Facultad de Ciencias de Orense, Universidad de Vigo, Campus Universitario de Orense, E-32004 Orense, Spain
"Mechanisms producing long-term changes
in solar and stellar activity"
A striking feature in the history of surface solar activity is a
prolonged minimum between 1645 and 1715, known as the {\it
Maunder Minimum}. Tracing back solar activity by means of proxy
data (abundances of cosmogenic isotopes $^{10}$Be and $^{14}$C)
has shown that grand minima in magnetic activity are a recurrent
feature. Grand minima seem also to occur in other cool stars
with solar-like magnetic activity.
The mean solar magnetic field behaves irregularly in time.
Grand minima are the most prominent manifestation of this
irregularity, albeit not the only one: it is also apparent in
the length and amplitude variations of the 11-year sunspot
cycle. Although the statistical and spectral properties of solar
activity --as measured by the sunspot number-- are still not
well known, there is evidence for various modulations of the
solar cycle. The question whether the observations and the
historical sunspot record allow to distinguish between a
stochastic or a deterministic origin of the irregularity in the
solar cycle seems to be as yet unresolved.
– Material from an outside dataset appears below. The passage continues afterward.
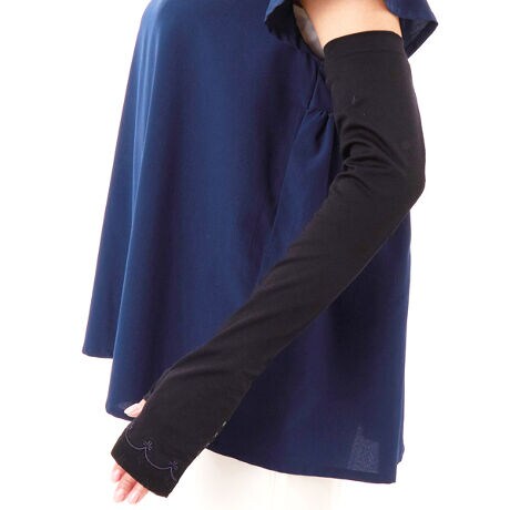 [型番:6141LA6322101]一番人気の小花チュールの新デザイン。刺繍がエレガントです。指無しロングタイプ。長さ:50cm。遮蔽率:99.1%機能:保湿接触冷感。親指穴あり。

Most of the computations aiming at describing intermittent
activity are based on low-order systems of ordinary differential
equations (ODE) which can be considered as truncated expansions
of the partial differential dynamo equations (PDE), but also
models based on full PDE may lead to intermittent behaviour.
Although all theoretical models of the solar dynamo rely on
mean-field dynamo theory, in which the small-scale turbulent
motion is parametrized in order to compute large-scale effects,
there are significant differences in the physical assumptions
considered by different authors. Various alternative scenarios
for the long-term magnetic activity will be critically
reviewed.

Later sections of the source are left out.